Maoists in Chhattisgarh have changed their strategy following heavy losses and are increasingly using remote-controlled explosive devices, including a kind involving beer bottles, against the security forces, sources in the security establishment said on Sunday.
“According to the latest intelligence, the rebels are now focusing more on unleashing pressure-cooker, remote-controlled IEDs (improvised explosive devices) on security personnel inside forests in Chhattisgarh rather than engaging in gunfights,” an Intelligence Bureau official told The Telegraph.
Faced with a renewed anti-insurgency offensive, the Maoists are also using the foxhole technique. They dig holes and fill them with stones to avoid detection during anti-mine operations. They later place explosives in these holes when they intend to trigger a blast, the official said.
Sources said an alert had been sounded in Chhattisgarh and Jharkhand following the latest intelligence reports, a series of blasts and the recovery of weapons, including a device rigged with beer bottles and a small antenna.
Under the Tactical Counter Offensive Campaign undertaken by the Maoists during summer, they usually attack the security forces by laying traps inside jungles.
“Recently, at least 10 booby traps in Chhattisgarh and Jharkhand were uncovered by the security forces,” a CRPF official said.
Last week, the paramilitary force recovered a 5kg pressure-cooker remote-controlled IED from Bijapur. The device, kept under a tree, was fitted with two empty beer bottles to inflict glass shard injuries on the troops. It had a small wire-connected antenna to facilitate detonation from a distance, the CRPF official said.
The CRPF’s counter-IED team detected and defused the device after several hours.

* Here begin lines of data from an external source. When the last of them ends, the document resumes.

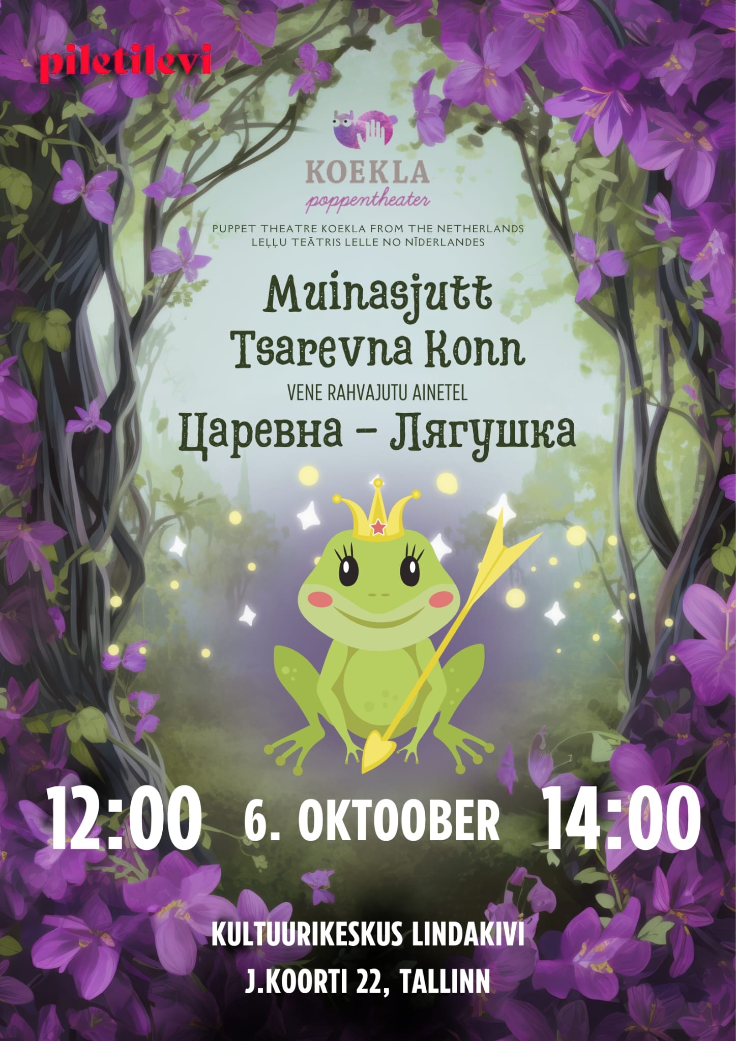 Премьера в Таллине! октября 🌺🐸👑Гастроли в Латвии прошли с большим успехом и театр “Koekla” едет в Таллин! Это первый показ театра “Koekla” в Эстонии у вас есть уникальная возможность первыми стать частью этой волшебной истории. Дата и время: октября, 12:00 и 14:00🎟 Билеты Место: Lindakivi kultuurikeskus Представьте себе момент, когда ваши дети замирают от восторга,… Continue reading 6 октября: Заколдованная Царевна.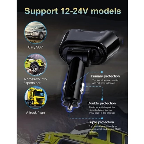 [PROMO] Mipanda 4 in 1 Car Charger Cas Mobil 3.1A Fast Charging dengan Monitor Voltage 2 Cigarette Lighter Socket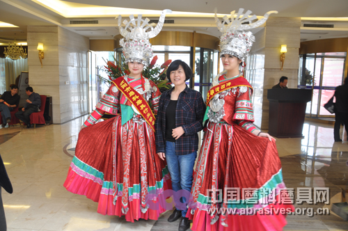 代表與少數民族服飾禮儀小姐合影
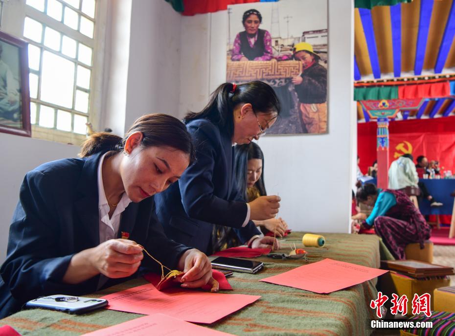 圖為西藏自治區(qū)民辦職業(yè)技能培訓(xùn)學(xué)校行業(yè)黨員縫制黨旗。貢嘎來松 攝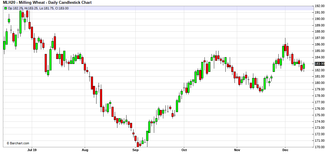 Le blé poursuit son rebond au-dessus de 180.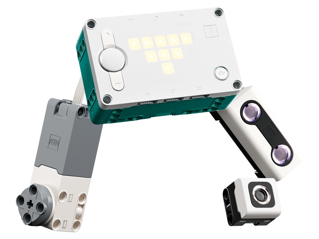 • Zestaw zawiera prawie 1000 elementów, w tym inteligentny element Hub, 4 średnie silniki oraz czujniki koloru i odległości, a do tego podzielony na sekcje interfejs, więc oprócz podstawowych modeli dzieci będą mogły budować własne robotyczne zabawki i chwalić się nimi online w LEGO Life.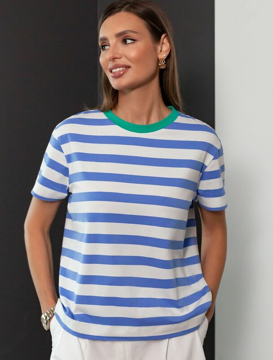 Базовая футболка в бело-синюю полоску выполнена из премиального дышащего хлопка с добавлением эластана. Эта футболка идеально подходит для создания стильного образа. Классический вариант на лето или как нижний слой в прохладное время года.Футболка отлично держит форму и не теряет привлекательности даже после многочисленных стирок. Базовая полосатая футболка с ярким акцентом легко комбинируется с различными предметами гардероба и станет неотъемлемой частью вашего образа. Футболка из натурального хлопка идеально подойдет для создания стильных и молодежных образов. Модная футболка в полоску – это возможность выразить себя и подчеркнуть свою уникальность.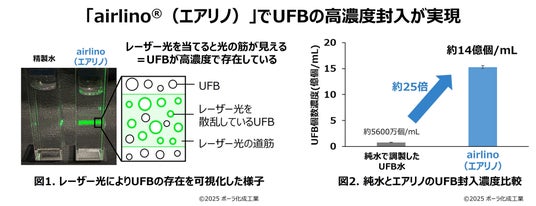 本技術「airlino(R)(エアリノ)」は、セラミック技術から派生して生まれたUFB製法に、自社で培った化粧品の処方技術を掛け合わせることで実現しました。上記の製法では、多孔質セラミックスから水中に空気を押し出し、「ちぎる」ことでUFBを発生させます。ポーラ化成工業では、このプロセスにあらかじめ特定の化粧品原料を混ぜることで、「1mLの液中に約14億個」という、純水の実に20倍以上(※2)の高濃度でUFBを封入することに成功し、さらに必要な濃度を安定して維持する技術も確立しました(図2)。またこの度、UFBの存在と品質管理方法がFBIAの基準に適合したことにより、製品登録制度に登録されました。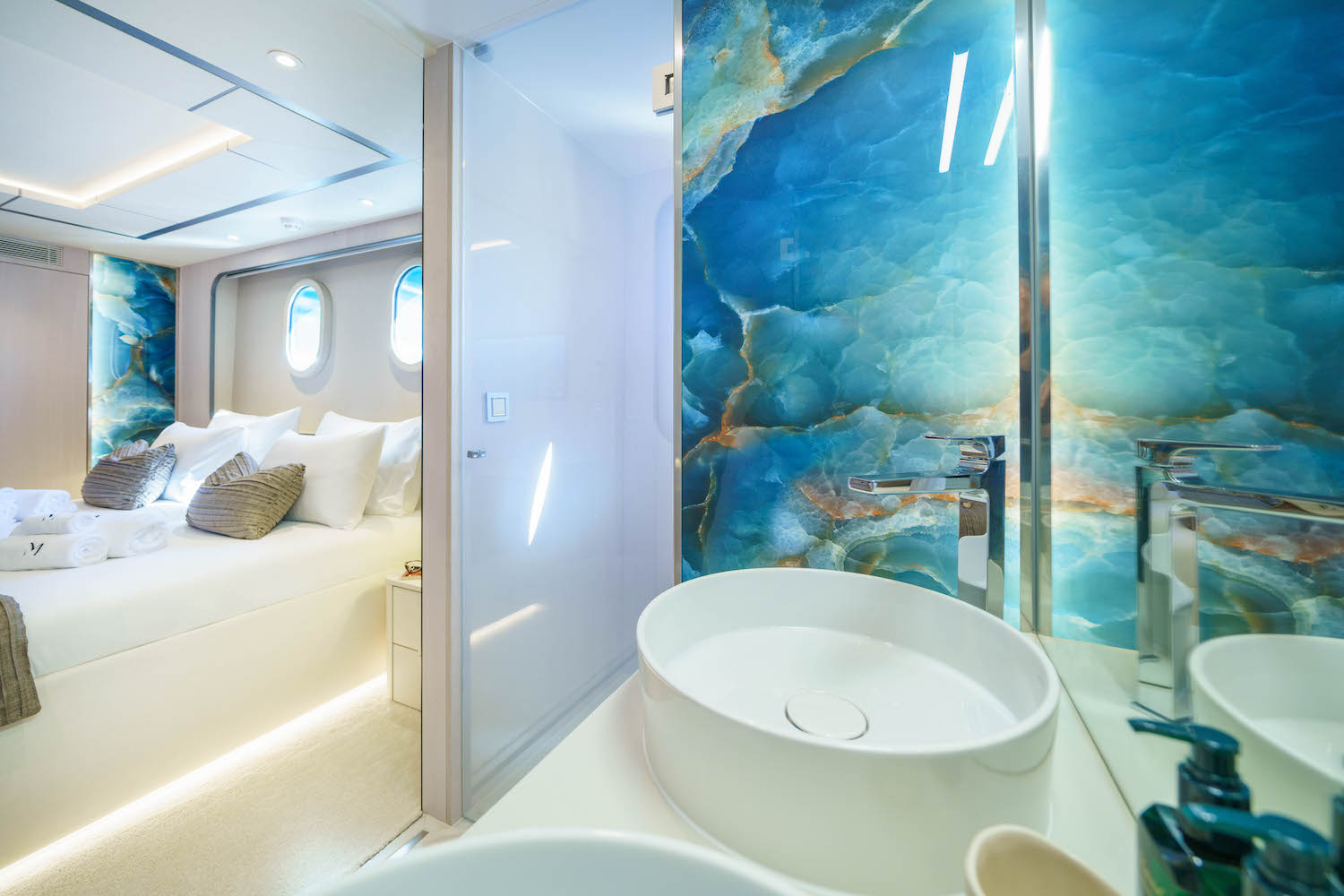Her accommodation spreads over 6 ensuite cabins and sleeps up to 12 guests on board. A dedicated crew of 11 is on hand to provide exceptional service, ensuring a comfortable and memorable experience for all guests.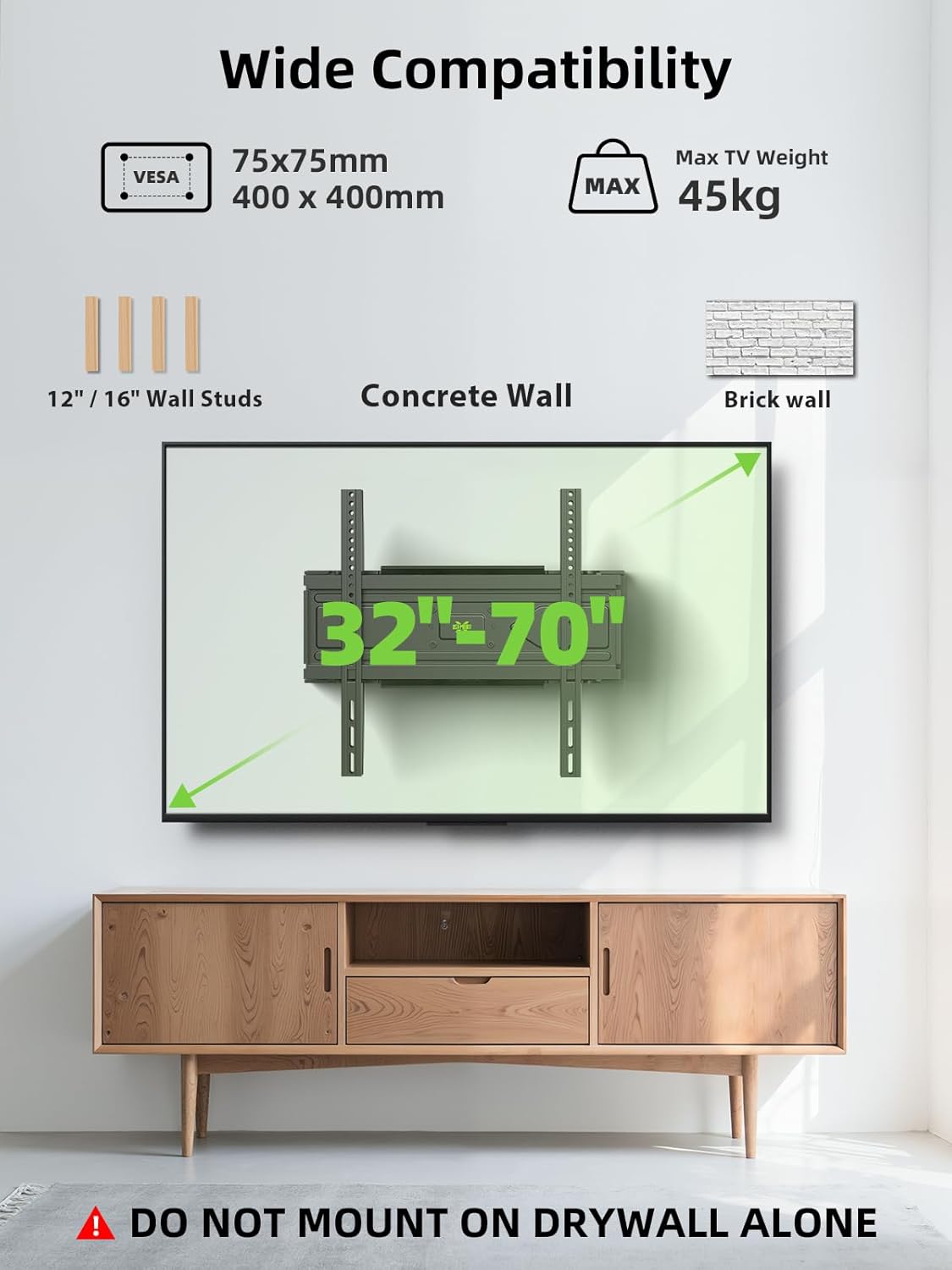 Univerzalna združljivost: Podpira širok razpon VESA standardov in se prilega večini televizorjev znamk Samsung, LG, Sony, Philips, Panasonic, TCL, Hisense in drugih.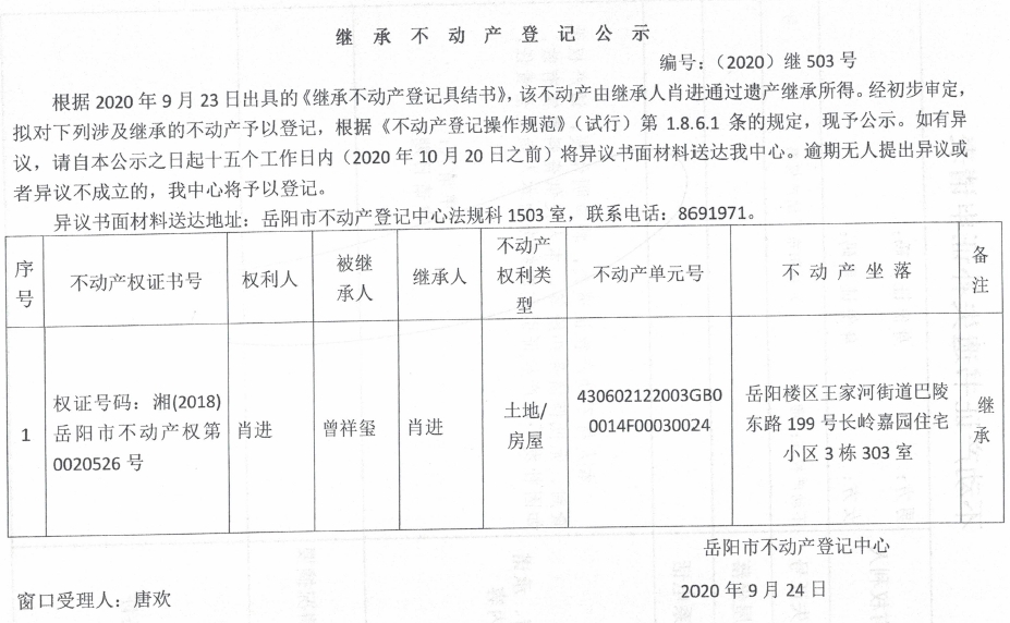 继承(受遗赠)不动产登记公告(肖进)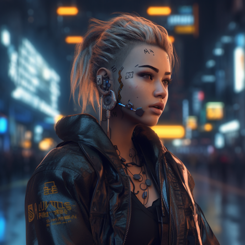 a full body shot of a beautiful female cyberpunk character. She wears tight cyberpunk street wear. In the background is a cyberpunk city at night. Detailed digital painting --ar 2:3 --v 6.1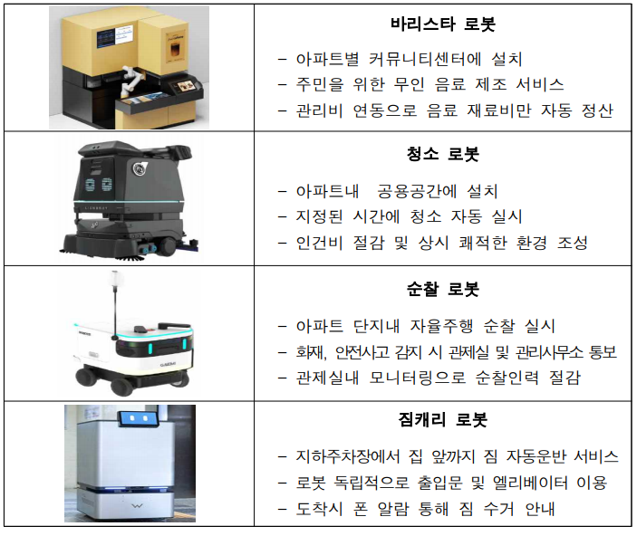 이번 시범사업은 국내 공동주택을 대상으로 로봇 통합 관제 플랫폼을 적용한 첫 사례라는 점에서 의미가 크다. 관리사무소와 관제센터는 통합 시스템을 통해 로봇 운행 현황을 한눈에 확인하고, 화재나 안전사고 등 이상 징후가 감지되면 즉시 대응할 수 있도록 체계를 갖췄다. 향후에는 창문을 청소하는 외벽청소 로봇, 고령자와 근로자의 신체 부담을 줄여주는 웨어러블 보조 로봇 등 유상 렌털 서비스도 도입해 주거환경 개선과 노동강도 완화에 활용할 계획이다.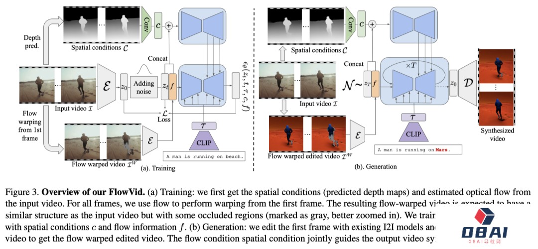(b)生成:用现有的I2I模型编辑第一帧,并利用输入视频中的光流得到光流扭曲编辑后的视频。这里,光流条件和空间条件共同指导输出视频的合成。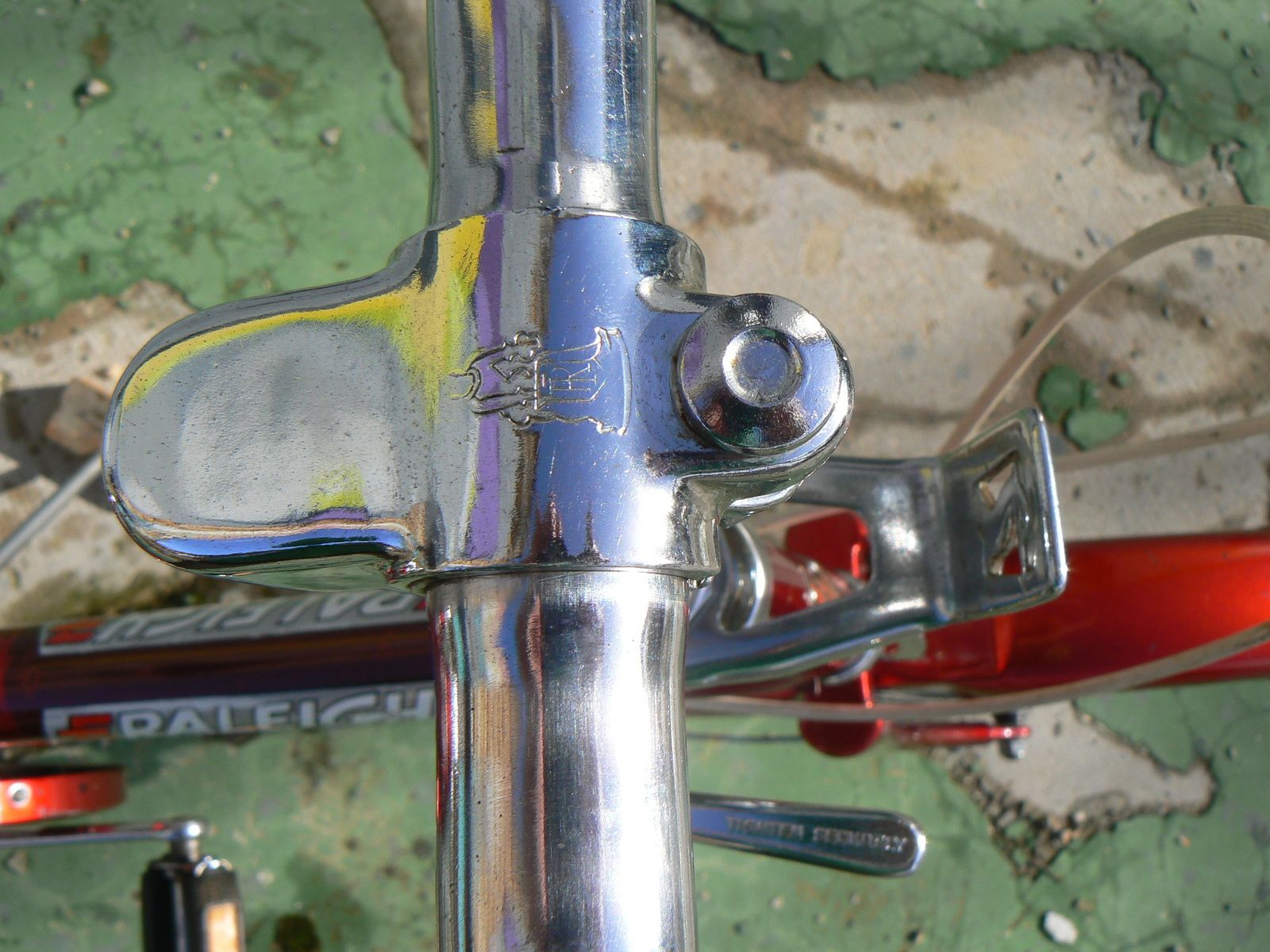 Les chromes sont irréprochables et pour Raleigh, la qualité n'est pas encore sacrifiée en cette fin des années 70. Et on retrouve le héron gravé comme sur cette tête de potence.

Another such IED, weighing around 50kg and buried underground, was recovered by the CRPF from under a bridge in Bijapur in January.
Remote-controlled IEDs are considered more powerful than pressure-triggered or command IEDs as they can be detonated from a distance.
In January, eight security personnel and their driver were killed in Bijapur when the Maoists used a device to blow up their vehicle. The victims were returning from an operation when the blast targeted their SUV in Bastar, a Maoist hotbed.
Last week, a CRPF sub-inspector was killed in a similar blast in Jharkhand’s West Singhbhum district. On March 5, a CRPF assistant commandant and two other personnel were injured in an IED blast.
Sources said eight security personnel had lost their lives in 78 IED blasts in Chhattisgarh last year.
The security forces have launched an anti-Maoist offensive in various parts of Chhattisgarh, with Union home minister Amit Shah resolving to eradicate Left-wing extremism from the country by March 31 next year.
Last week, 30 Maoists and a jawan were killed following intense gunfights in the Bastar region of southern Chhattisgarh, raising the rebel death toll above 100 since January.
Sources said drones, or unmanned aerial vehicles (UAVs), were being used for reconnaissance and surveillance, with real-time images taken of the “liberated zone” in Chhattisgarh to plan attacks and to protect the troops from possible ambushes inside the jungles.
Amid the renewed counter-insurgency offensive, Maoist strongholds are shrinking fast in Chhattisgarh. “They have been pushed to the wall and are running short on arms and ammunition. They are now relying on IEDs to launch counter-attacks,” a home ministry official said.
Security forces have been moving deeper into the Maoist bastions of Bastar and setting up forward bases and camps as part of an area-domination exercise, he said.
He added that 300 new forward operating bases and camps had been set up in areas once considered Maoist “liberated zones”.
These forward bases have restricted the movements of the Maoists and helped the forces conduct counter-offensives inside the rebel fortress.
Bastar, Bijapur, Narayanpur, Kanker, Sukma, Dantewada and Kondagaon are the seven districts hit the worst by the Maoist insurgency in Chhattisgarh.